とくに、人種間の確執を取り除くために行ったラインゲームは目からうろこでした。彼女が考えたんでしょうか?
先生が質問し、イエスなら教室の中央にあるラインを踏むというだけのゲームなんだけど、ラインまでくると今まで敵として見ていた相手と顔を向き合わせる事になるんですよ。
趣味なんかの軽い質問から始まり、しだいに彼らの日常に踏み込んだ質問に変わっていき、「友達を殺された事があるか?」という質問に、ラインまで来た生徒の多さ…。互いに顔を見合わせて、ここで彼らは初めて気付きます。自分たちが同じような悲しみと苦しみを背負っていると。

それからの生徒たちの変化には本当に感動しました。彼女から与えられたものだけではなく、自分から新しい世界に踏み出して行きます。
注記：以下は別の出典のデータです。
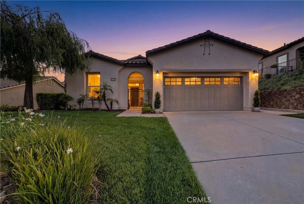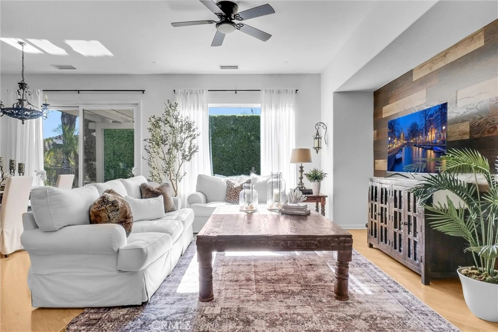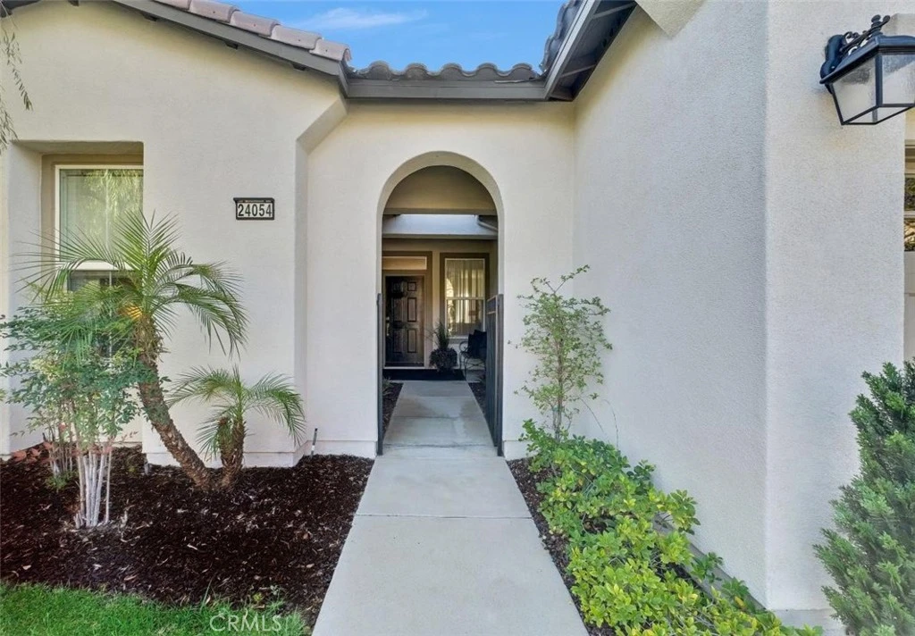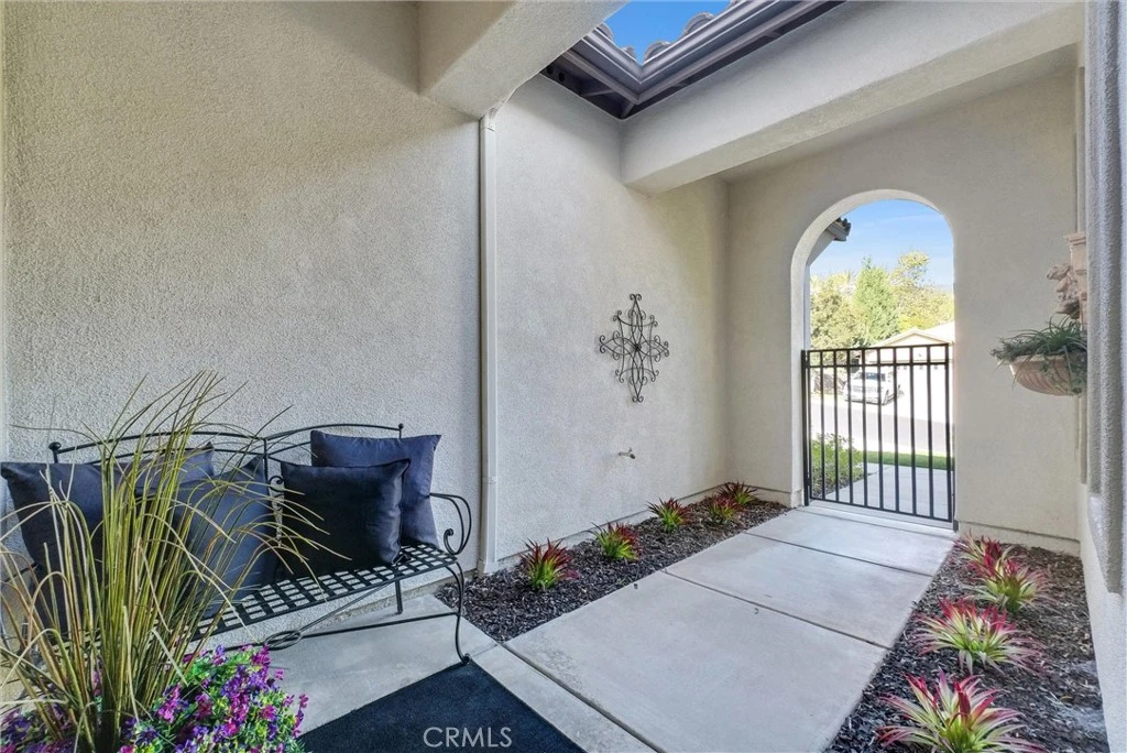 Welcome to this beautiful single-story home where relaxed California comfort meets luxury. This home offers a serene, open, light filled, and seamless indoor-outdoor flow. A private gated courtyard creates a striking first impression—an intimate, tranquil entry that sets the tone for the elegance found throughout the home. Inside, soaring ceilings, wood flooring, and designer finishes create a sense of understated sophistication, while expansive living spaces are bathed in natural light. At the center of the home, the gourmet kitchen is both beautiful and functional—featuring crisp white cabinetry, stainless steel appliances, and an oversized island designed for gathering, entertaining, and everyday indulgence.The open-concept layout effortlessly connects the kitchen, dining, and living areas, offering a grand yet inviting space ideal for hosting. Walls of sliding glass doors blur the line between indoors and out, creating a true extension of the living space. Step into your private backyard retreat to enjoy your morning coffee or gorgeous sunsets with a glass of wine. Pergola-covered areas provide distinct spaces for alfresco dining, lounging, and year-round enjoyment. Surrounded by lush, mature landscaping, the grounds offer both beauty and seclusion, evoking a peaceful, resort-like atmosphere. The luxurious primary suite serves as a serene sanctuary, complete with direct outdoor access and a spa-inspired feel. The additional bedroom is generously sized, offering comfort for guests, family, or can be used as a home office. Located in one of the most desirable communities, this home offers a rare combination of privacy, sophistication, and lifestyle—just moments from Glen Ivy Golf Course, resort like indoor and outdoor pools and spa, scenic trails, parks, and premier local amenities. An exceptional property that embodies modern California elegance and resort-style living at its finest.

表情も今までとまるで違って、希望を持った若者の顔になって!
彼女のやり方を快く思わないベテラン教師たちや、エリンに引け目を感じて離れていく夫、意見は違ってもずっとエリンを心配して見守ってくれた父親など、周りの人々の反応も自然で、実話モノでは必ず思う”脚色はしてるんだろうな”という考えもまったく浮かんできませんでした。永久保存決定です!
ちなみに、タイトルの意味は”自由のための書き手たち”。日記をまとめた本のタイトルであり、日記を書いた彼らのこと。授業で教わった、人種差別政策に抗議した13人の大学生 ”自由のための乗り手”をもとにしてます。